▼
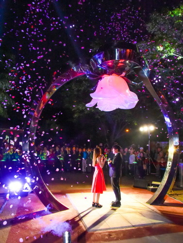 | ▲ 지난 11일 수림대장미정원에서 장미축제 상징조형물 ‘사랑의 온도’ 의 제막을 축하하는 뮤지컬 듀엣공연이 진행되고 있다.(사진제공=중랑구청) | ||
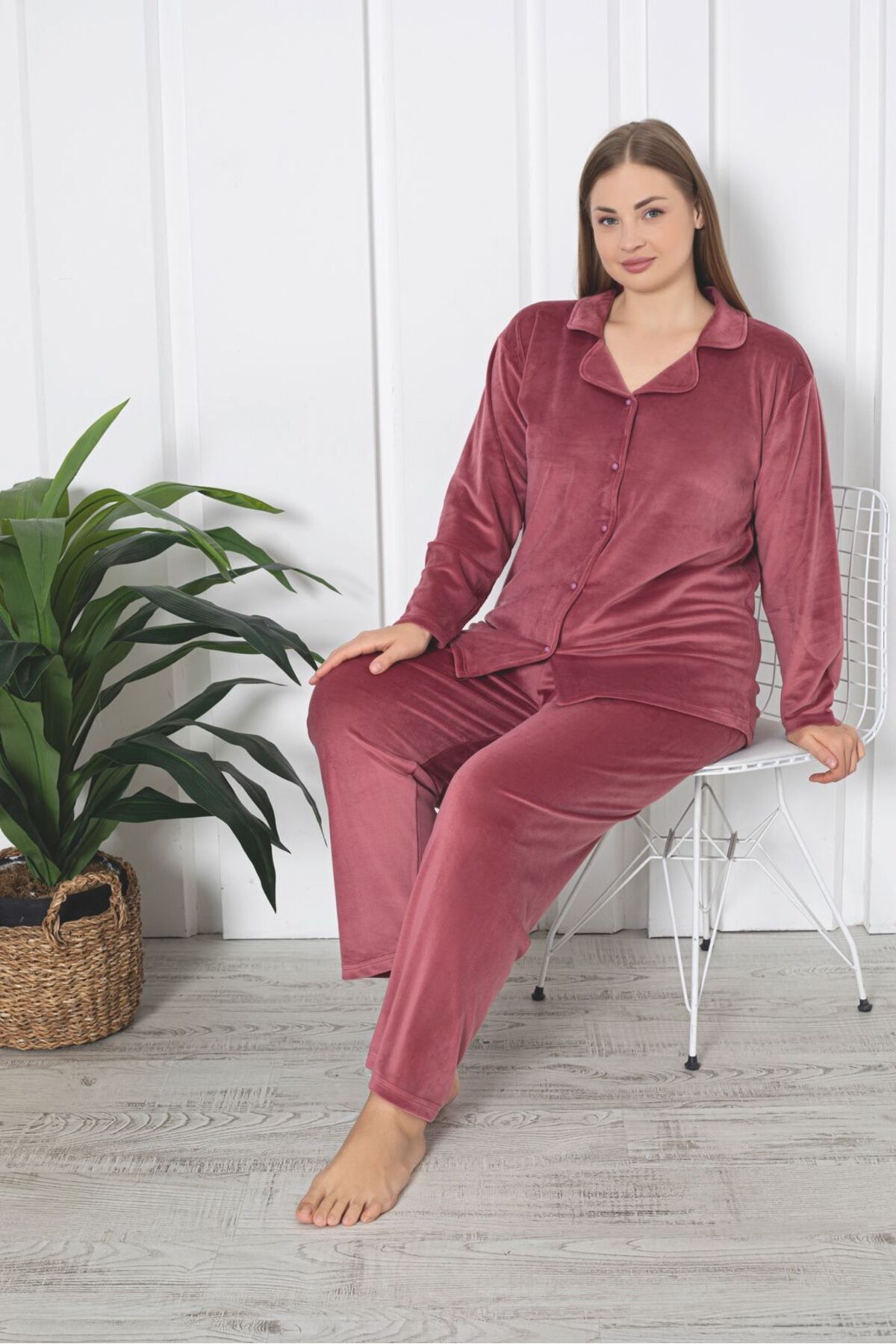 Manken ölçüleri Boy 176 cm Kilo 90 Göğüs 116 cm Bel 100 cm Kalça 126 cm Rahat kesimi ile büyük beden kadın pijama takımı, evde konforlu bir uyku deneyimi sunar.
▲
▼
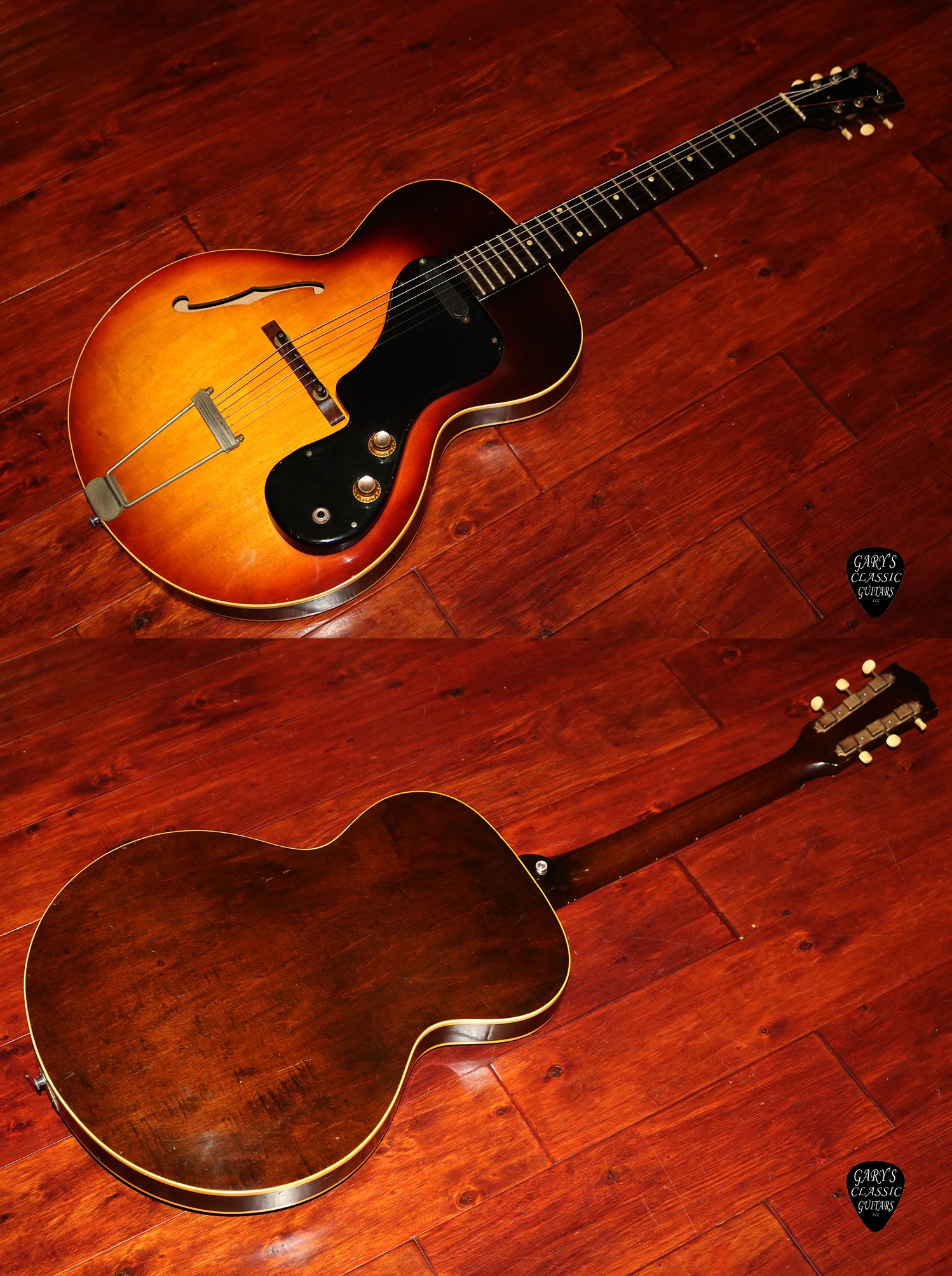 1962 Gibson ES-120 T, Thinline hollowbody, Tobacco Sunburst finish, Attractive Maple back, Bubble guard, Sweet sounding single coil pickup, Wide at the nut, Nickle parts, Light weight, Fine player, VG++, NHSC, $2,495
▲
Transcribe, word for word, the lines of the listing above from the one that contains "있다.(사진제공=중랑구청) | ||" through the one that contains "Manken ölçüleri Boy", keeping both ends and dropping the pictures.

*RESULT OF THIS TASK*:
 | ▲ 지난 11일 수림대장미정원에서 장미축제 상징조형물 ‘사랑의 온도’ 의 제막을 축하하는 뮤지컬 듀엣공연이 진행되고 있다.(사진제공=중랑구청) | ||
 Manken ölçüleri Boy 176 cm Kilo 90 Göğüs 116 cm Bel 100 cm Kalça 126 cm Rahat kesimi ile büyük beden kadın pijama takımı, evde konforlu bir uyku deneyimi sunar.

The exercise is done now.